# Drywall...Ultralight vs Standard?



## ddawg16 (Aug 15, 2011)

Now that I'm done with all of the ceilings using 5/8 type X....I'm onto walls...

I am a firm believer in 'the longer the sheet, the less tape and mud'. I'd rather waste some drywall than do a butt joint....

Anyway...I can get my 1/2" sheets in ether standard drywall or the ultralight.

When I'm having to put it up in the air, the ultralight is nice. But I'm also noticing that it seems more prone to damage...at least on the ground.
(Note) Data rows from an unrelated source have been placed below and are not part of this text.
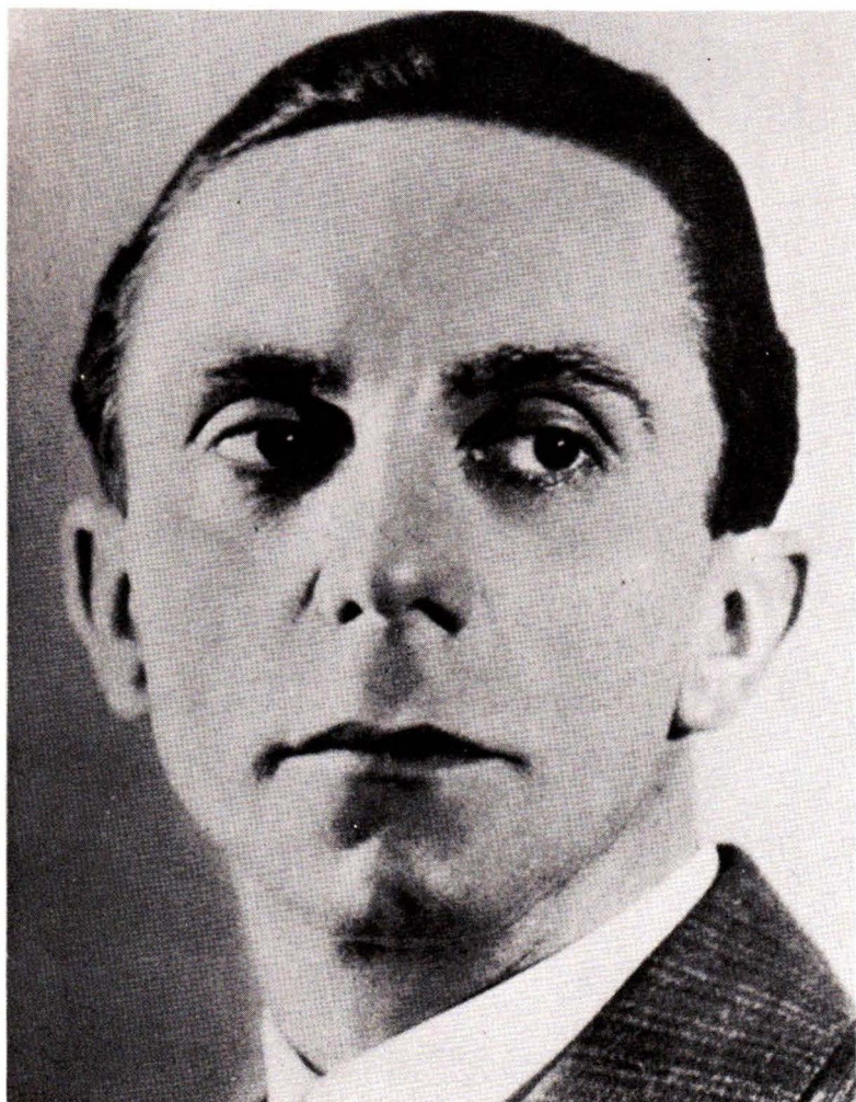
Δρ. Γιόζεφ Γκαϊμπελς
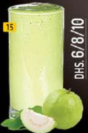
15 جوافة GUAVA
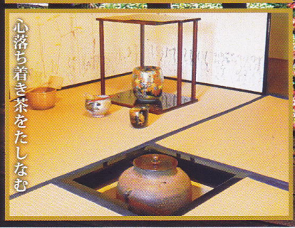
心落ち着き茶をたしなむ
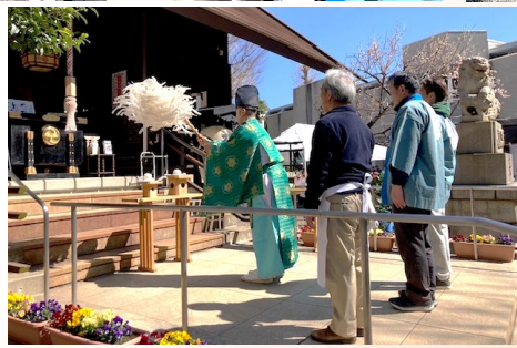
一番餅を氏神様に奉納してから、お祓いをしました
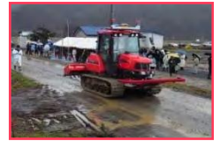
現場での講習・研修会
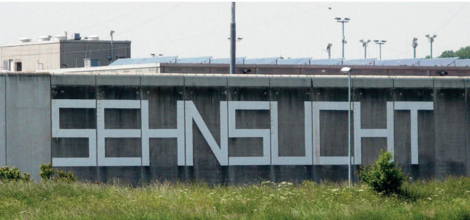
Projekt »KUHnst«, JVA Geldern

ken und ist im Fachausschuss Forensik der DGSP vertreten.
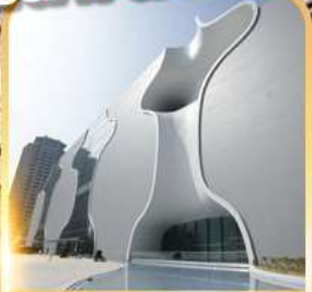
โรงละครโดง
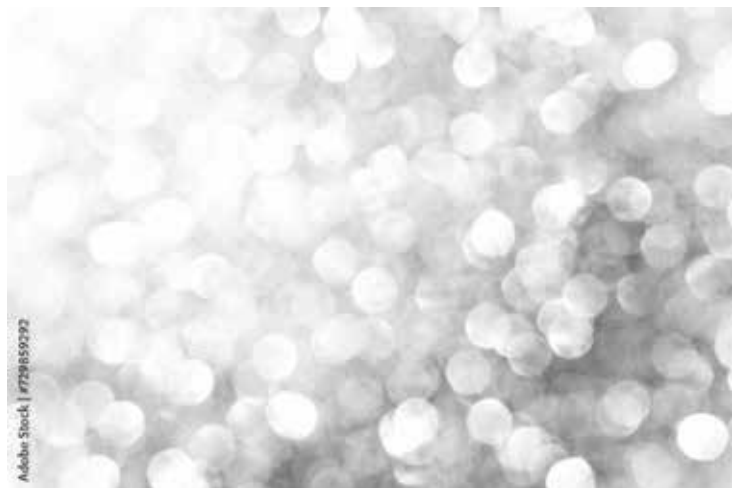
Motiv Jubiläum 04
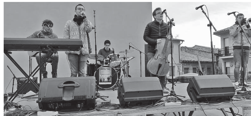
Concert del grup MIOPS, a la plaça del CAP
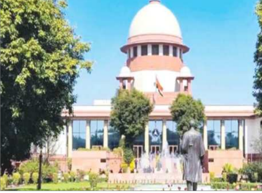
और कानूनी कार्यवाही को रद्द करने से इनकार कर दिया था। हाईकोर्ट का मानना था कि प्रथम आरोप सही प्रतीत होते हैं, जिसके बाद ससुराल वालों ने न्याय के लिए सुप्रीम कोर्ट का दरवाजा खटखटाया।
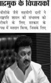
स्टालिन ने दोनों निर्णयों का समान व्यवहार किया। हालांकि, स्टालिन ने आरोप लगाया कि अब टीवीके सरकार उन लोगों का भरोसा तोड़ रही है, जिन्होंने सरकार बनाने की मदद की। उन्होंने कहा कि पिछले तीन दिनों में सत्ताप्राप्त होने की गतिविधियों और सहयोगी दलों के बयानों से साफ हो गया है कि सरकार स्वच्छ राजनीति के अपने वादे से भटक चुकी है। डीएमके
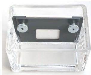
Aufbau 2: Zelltrog mit Diaphragma
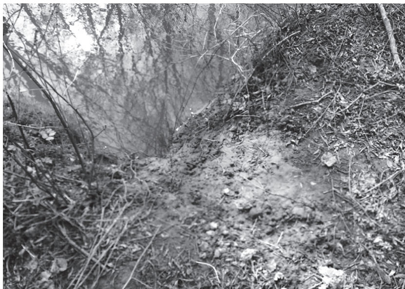
Ślizgawka (zejście wydr do wody) na brzegu Szreniawy.

Jest najpospolitszym drapieżnikiem w naszym kraju. Biotopem lisa są lasy, pola, łąki. Ulubionym jego siedliskiem są małe lasy śródpolne. W dużych kompleksach trzyma się raczej na obrzeżach lub w enklawach śródleśnych. Są nosicielami chorób zakaźnych i pasożytów.
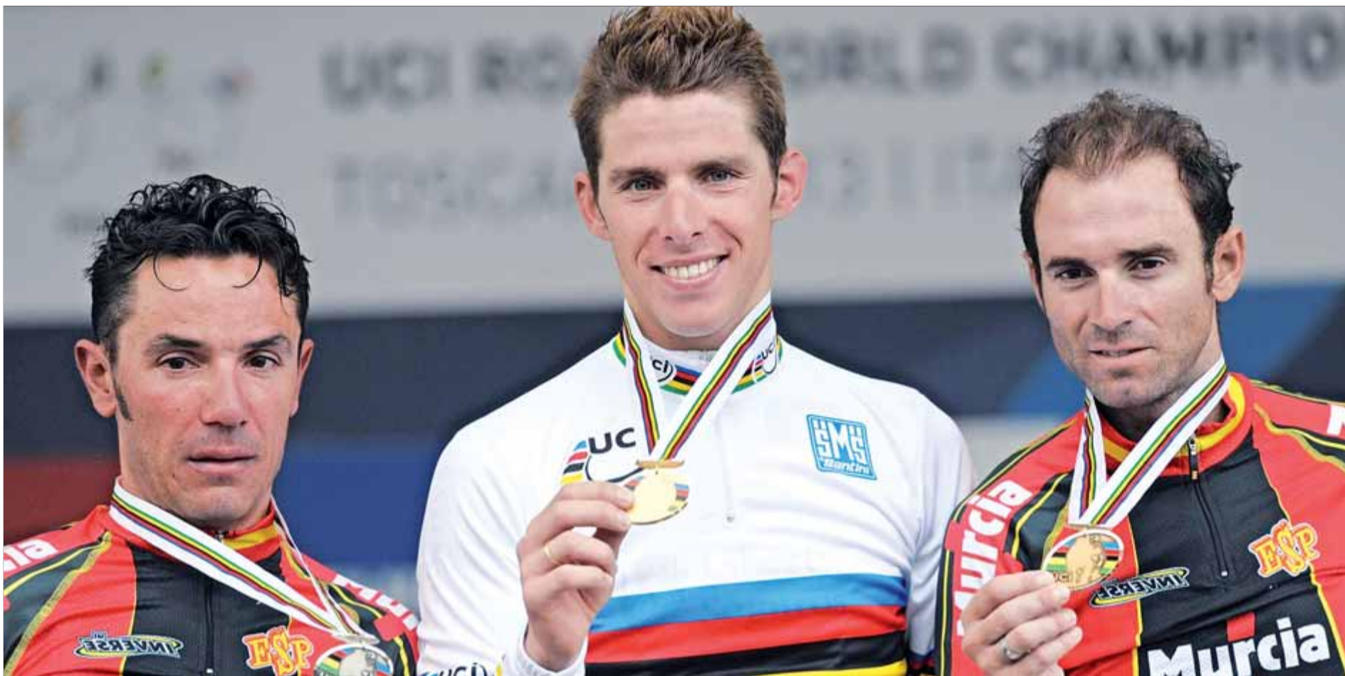
Joaquim Rodríguez, Rui Costa i Alejandro Valverde en el podi d'honor del campionat del món

Mundial. La cita florentina va deixar un dubte que va expressar Purito: “Per què no va sortir Valverde?” I, sobretot, una incertesa d'impossible resolució: el català hauria guanyat?
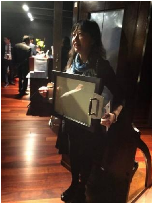
圖 7：參觀島津博物館
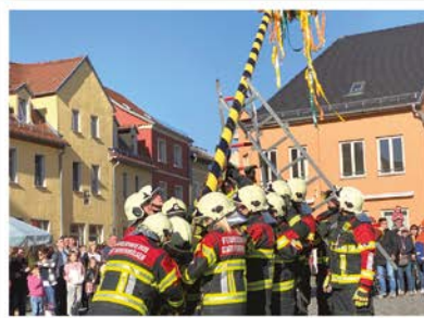
18:00 Uhr Maibaumsetzen auf dem Marktplatz 19:00 Uhr Live-Music mit Band „Stellplatz3“ im Anschluss „Disco Alarm“

Feiern Sie zwei Tage mit uns 160 Jahre Ortsfeuerwehr Hohenmölsen. Sie sind herzlich eingeladen.
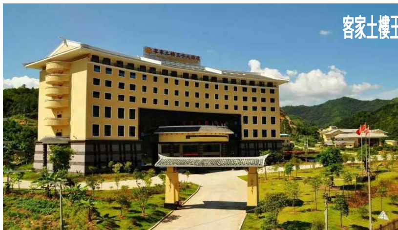
客家土樓王子大酒店及客房
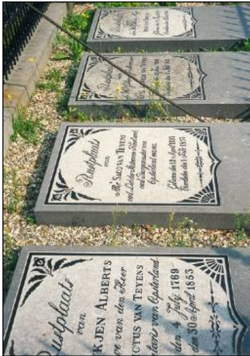
Graven te Beetsterzwaag van Froukje Alberts en haar drie kinderen.
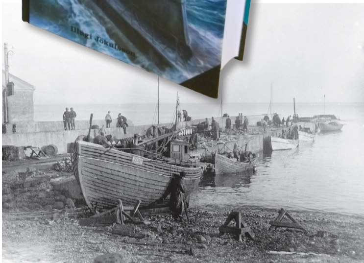
Ys og þys við höfnina í Bolungarvík einhverntíma fyrir miðja 20. öld.
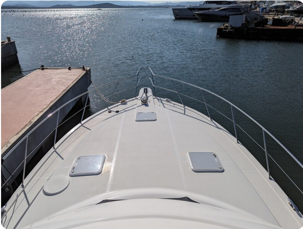
Riviera 45 Fly fwd deck
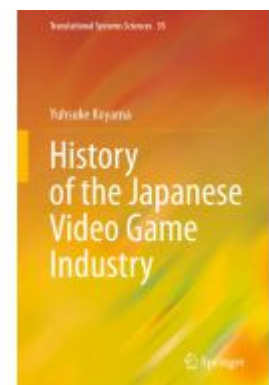
History of the Japanese Video Game Industry Ladenpreis: 164,99EUR
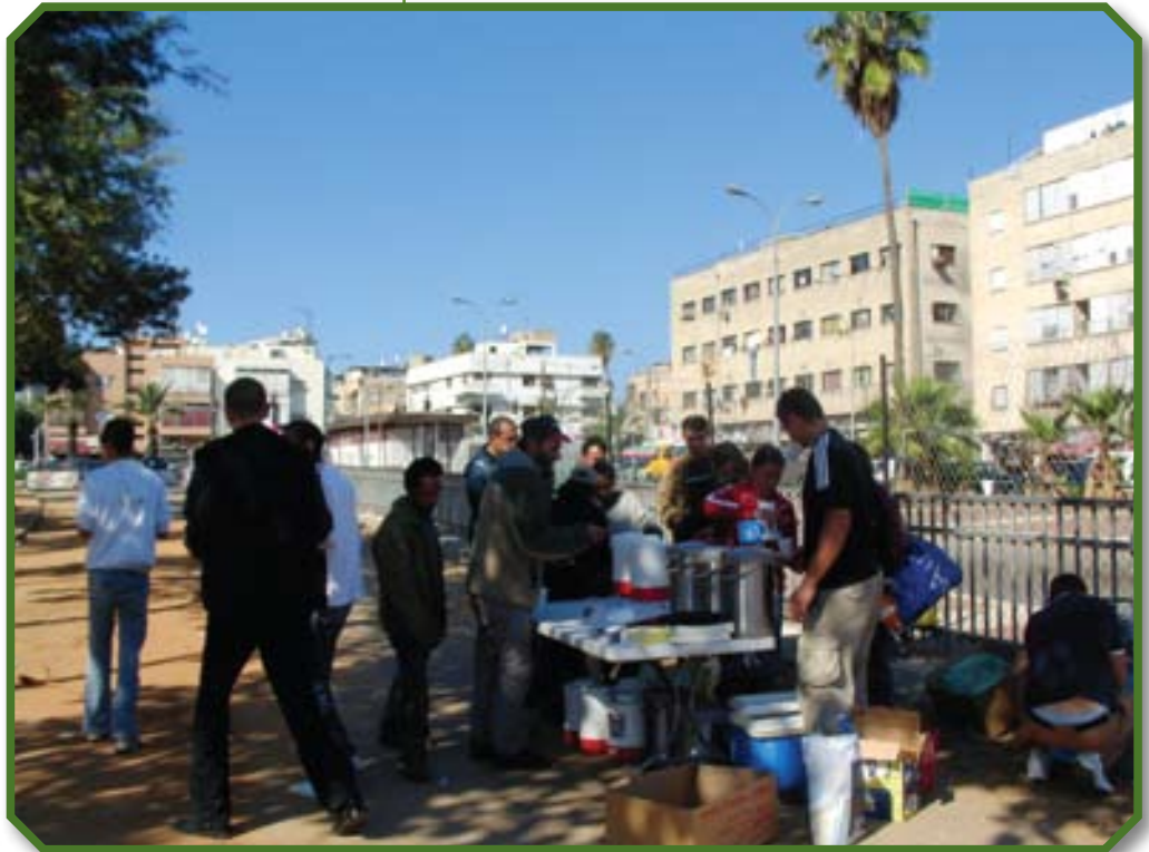
בישור בתל אביב
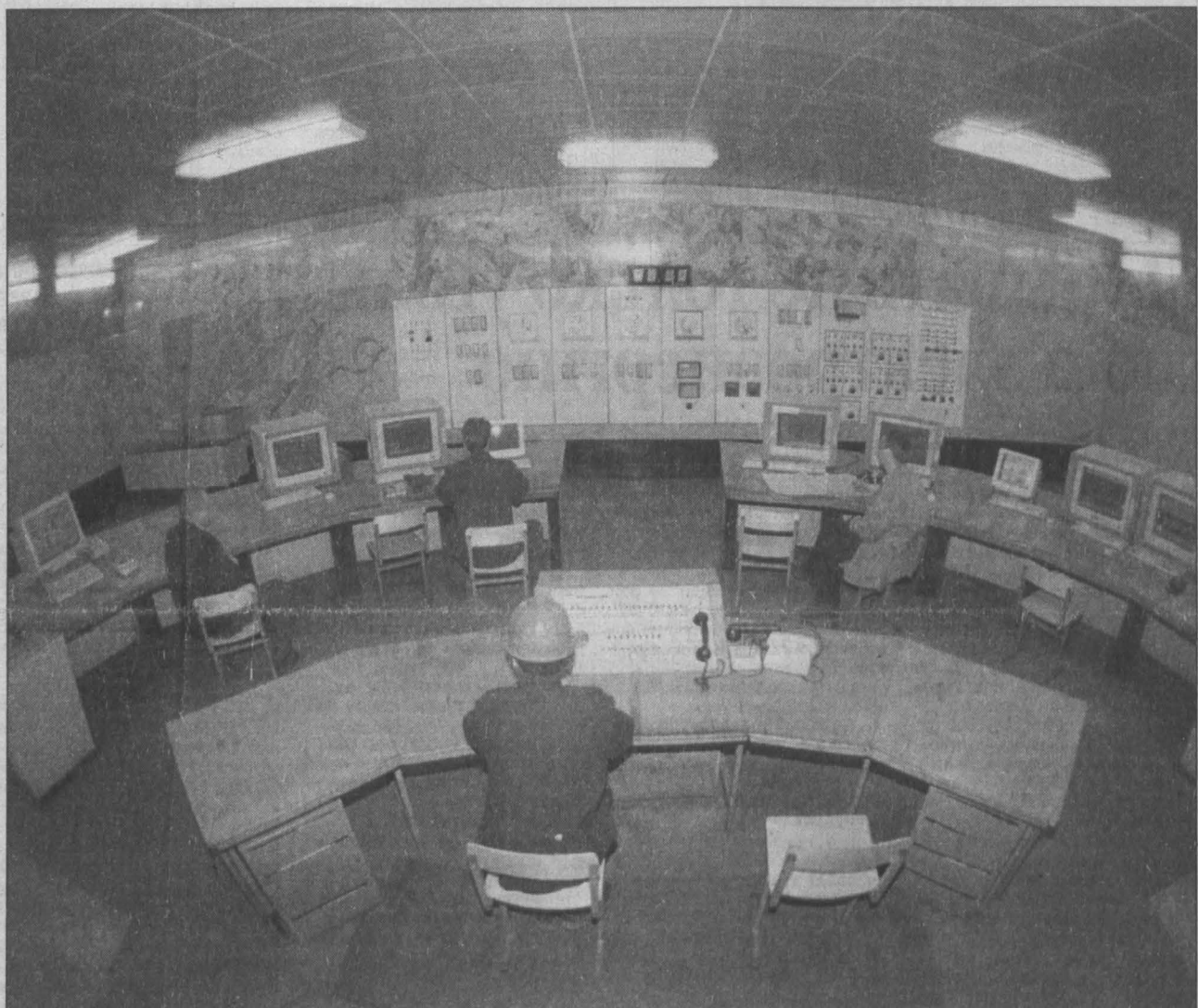
Пульс управления доменной печью № 3 Записки.

То, чем губернатор Кузбасса Аман Тулеев с тревогой предупреждал президента Владимира Путина во время их недавней встречи, стало реальностью. Отсутствие четкой государственной промышленной политики, чрезмерная зависимость экономики от поведения монополий привели к кризисным явлениям уже не только в угольной, но и в другой базовой отрасли российской экономики — металлургии. Металлургическая промышленность — одна из специализаций России в условиях международного разделения труда. В 2001 году она давала 7 проц. мирового производства и торговли металлами (4-е место в мире), прокат черных металлов составил 10 проц. мирового (1-е место). Доля России в мировом производстве шести основных видов цветных металлов (алюминия, никеля, меди, цинка, свинца, олова) — около 8,5 проц. Отрасль создает 8 проц. ВВП, 16,5 проц. всей промышленной продукции, производимой в стране. На 30 проц. обеспечивает грузовой перевозкой, дает 14,4 проц. валютных поступлений и 7,8 проц. всех налоговых отчислений. Металлургия потребляет 25 проц. всего добываемого в стране угля и 33 проц. электроэнергии. В отрасли на 3,5 тыс. предприятий (75 процентов из них — градообразующие) работают полтора миллиона россиян. Кризис в ней способен нанести сокрушительный удар по всей экономике России.
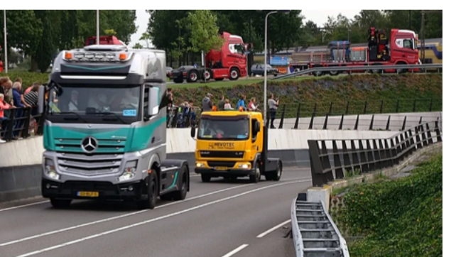
Riessen op de rolwage: een stuk jonge geschiedenis van Rijssen
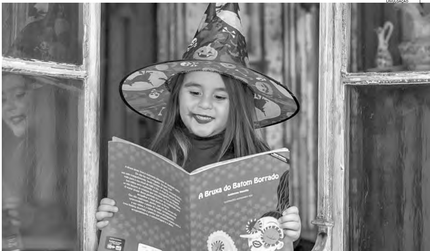
OBRA infantil do escritor Anderson Novello, com ilustrações de Alessandra Tozi

LIVRO Instituto chega à marca de 27 mil exemplares impressos em 2021, com patrocínio de empresas e recursos do Nota Paraná
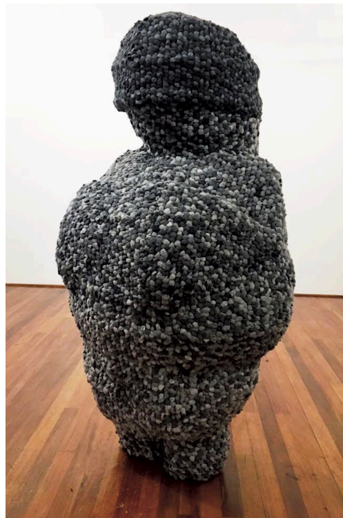
Fig. 7. Venus , Rustha Luna Pozzi Escot, 2019

pieza de gran formato que retoma la morfología de la Venus de Willendorf. 14 Esta pieza está construida con una estructura de metal, la cual está revestida por una cantidad considerable de nudos de alpaca. El soporte es una red cuadrículada de metal sobre la cual se anuda en cada intersección un punto. El textil, presente en esta pieza, nos recuerda que es nuestra segunda piel y nos acompaña desde tiempos inmemoriales. Me interesa trabajar con materiales de recuperación, en este caso la materia textil utilizada para esta pieza son los sobrantes “merma” de una fábrica de Alpaca local 15 . Fue un trabajo de tejido en la superficie de esta escultura utilizando una técnica híbrida, intersección entre el tapiz y el punto cruz.

What do you guys think? Which do you prefer?


----------



## jeffnc (Apr 1, 2011)

I suppose it depends on the room. I wouldn't put it in a child daycare, or a garage. In a house without wild kids running around, I'd use it almost anywhere inside.


----------



## ddawg16 (Aug 15, 2011)

Thanks jeff...that is kind of my thinking as well...

The family room is going to see the most kid action...since I have a 9' ceiling...I'm going to run my sheets vert (I have proper stud spacing for it). I can get 5/8' drywall in 9' lengths...I'm thinking that might last longer than the 1/2". 

I think 1/2" everywhere else would be fine.


----------



## jeffnc (Apr 1, 2011)

If it's really important to you, I'd look for 1/2" abuse-resistant drywall (aka impact-resistant, high-impact-resistant).


----------



## ddawg16 (Aug 15, 2011)

I don't think I have that big of an issue...kids are 7-11

Another question.....any difference in noise....1/2" vs 5/8" vs Ultralight vs Regular?


----------



## jeffnc (Apr 1, 2011)

Don't know about Ultralight. 5/8" will be slightly quiter than 1/2", but some people are disappointed in the small amount of difference. There are other better solutions to reduce noise. For example maybe only a few dB for 5/8" drywall, which isn't much. CertainTeed SilentFX gypsum boards claim 17dB, which is a lot. (Most people perceive 10dB drop to be cutting the volume in half.)

You can start to read about wall assembly STC ratings here
http://en.wikipedia.org/wiki/Sound_transmission_class


----------



## ddawg16 (Aug 15, 2011)

Actually, a 3db change is half power...or double...my background is RF, analog, etc...dealt with DB quite a bit.

So, a 3db drop in noise would be cutting it in half....a 6 db drop would be 1/4....

At this point...I think I'm going to do 5/8 type x on the wall adjacent the neighbor...very little difference in cost...and I think that would could use some extra 'protection' from the elements.....as in the 3 young kids in my house....


----------



## jeffnc (Apr 1, 2011)

ddawg16 said:


> Actually, a 3db change is half power...or double...my background is RF, analog, etc...dealt with DB quite a bit.
> 
> So, a 3db drop in noise would be cutting it in half....a 6 db drop would be 1/4....


No.

It does take double the power to cause a 3dB increase. But that is not doubling the volume. That is the problem with power requirements. It takes a tenfold increase in power to double the volume. Example: if 10 watts creates 80 dB, it requires 100 watts to create 90 dB, which is a doubling of volume. 1,000 watts create 100 dB, which is another doubling of volume, or 4 times 80 dBs.

Decibels are logarithmic, which can be confusing, I understand. This is acknowledged in this Wikipedia entry under "disadvantages":


The decibel creates confusion.
The logarithmic form obscures reasoning.
http://en.wikipedia.org/wiki/Decibel

By doubling the power, say from 10 watts to 20 watts, it is only a 3 dB increase, which is barely noticeable - not nearly doubling.

By the way, this is why it's almost a complete waste of money to pay for a little more power in your stereo. Going from 100 watts to 125 watts buys you virtually nothing, all else being equal. It's not even close to a 25% increase in volume. More like a 1% increase.


----------



## Nailbags (Feb 1, 2012)

ddawg16 said:


> Thanks jeff...that is kind of my thinking as well...
> 
> The family room is going to see the most kid action...since I have a 9' ceiling...I'm going to run my sheets vert (I have proper stud spacing for it). I can get 5/8' drywall in 9' lengths...I'm thinking that might last longer than the 1/2".
> 
> I think 1/2" everywhere else would be fine.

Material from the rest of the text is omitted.